Now for a while one of my professors has been pondering me about electromagnetic radiation from household items like computer monitors and cell phones causes cancer and other adverse health effects. Oh, and overhead power lines too. If you think that is odd, I can tell you that like 95% population over here is assured so.
He continued to poke me with his EMF/EMC/Electrosmog detector (I never figured out what the last letter really means). I just had to bring it home when he asked me to.

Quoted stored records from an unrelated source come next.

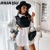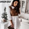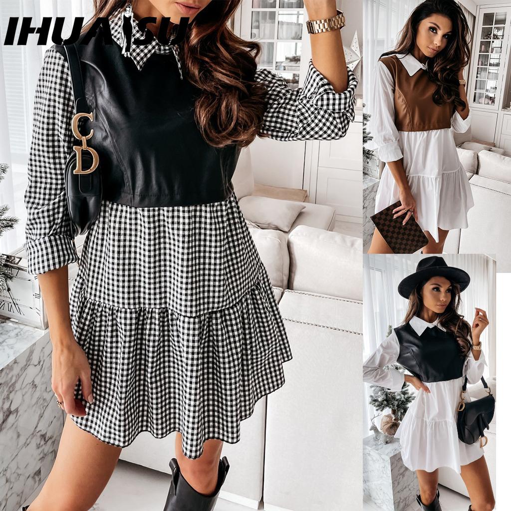 IHUASU Vestido de Cuero a Cuadros Patchwork para Mujer, Minivestido de Fiesta Casual, Vestido de Primavera con Volantes
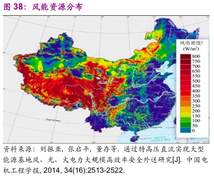 中國能源資源在地區(qū)之間的不平衡分布帶來了跨地區(qū)之間的能源輸送需求,例如“西電東送”“西氣東輸”。以水力資源為例,中國西部12個省的水力資源約占全國總量的81.46%,特別是西南地區(qū)的云、貴、川、渝、藏5個省占全國總量的66.70%。風能、太陽能同樣呈現(xiàn)西部多于東部的現(xiàn)象(圖38、39)。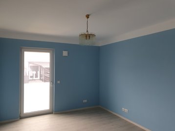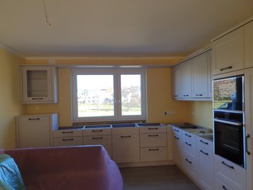 In der geräumigen Wohnküche ist genug Platz zum Essen für die ganze Familie. Der Eingangsbereich des Hauses mit Garderobe ist großzügig geplant.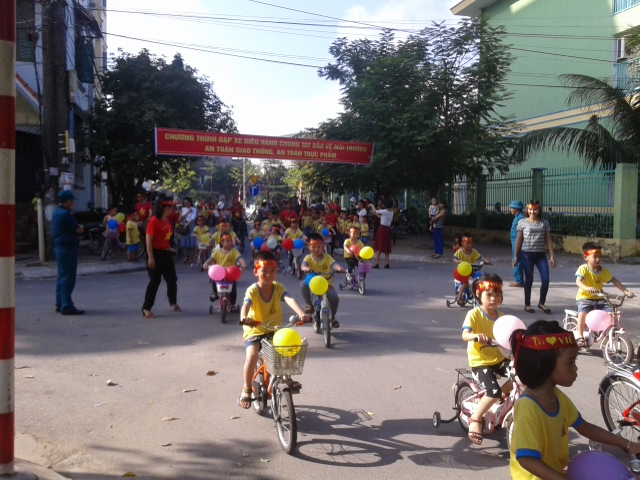 Với trẻ mầm non hoạt động tuyên truyền hiệu quả nhất chính là trẻ học bằng chơi, nhà trường đã tổ chức cho các bé khối mẫu giáo lớn tham gia Chương trình diễu hành đạp xe - Chung tay bảo vệ môi trường- an toàn giao thông an toàn thực phẩm. Qua đó tuyên truyền phụ huynh học sinh về ngày pháp luật nước cộng hòa xã hội chủ nghĩa Việt Nam.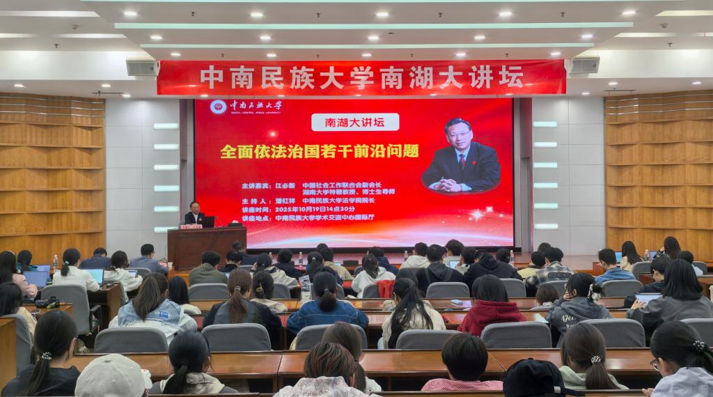 10月19日下午,威尼斯官网第六十四期南湖大讲坛在学术交流中心举行。本次讲坛邀最高人民法院原党组副书记、副院长,第十三届全国人民代表大会宪法和法律委员会副主任委员,中国社会工作联合会副会长、湖南大学特聘教授、博士生导师江必新教授,作主题为“全面依法治国若干前沿问题”的学术讲座。讲座由威尼斯官网法学院院长潘红祥主持,学校相关学科教师、研究生及本科生参加。

Now to admit, the device is really cool thing. Bringing it near computer monitor, unshielded line transformers, SMPS's, or cables which conducted noise and it lights the led's and buzzes.
It in general seemed to react to alternating magnetic fields, and I'll continue to call them so since there's no true 'radiation' in hertz range unless in hundreds of km from source.
The bad realizations happen when you actually start reading the manual and inscriptions on the device.
The device has a scale 2-30 labeled in ''MG'' (capital M). What in the world does this mean.. I don't think there are much devices around me producing magnetic fields in megagauss range.
2 is 'normal zone', 5 'accept zone' and up to 30 'prohibited zone' with 'adverse health effects'.
The manual shows that it was actually miligauss. Considering that earth's magnetic field is 300-600mG that's 'a tad too small'. Wawing it around seemed to have no effect but waving a supermagnet in front of it at rate of just few Hz seemed to give full reading. I got reading of 2 by quickly pulling it in and out of a steel barrel.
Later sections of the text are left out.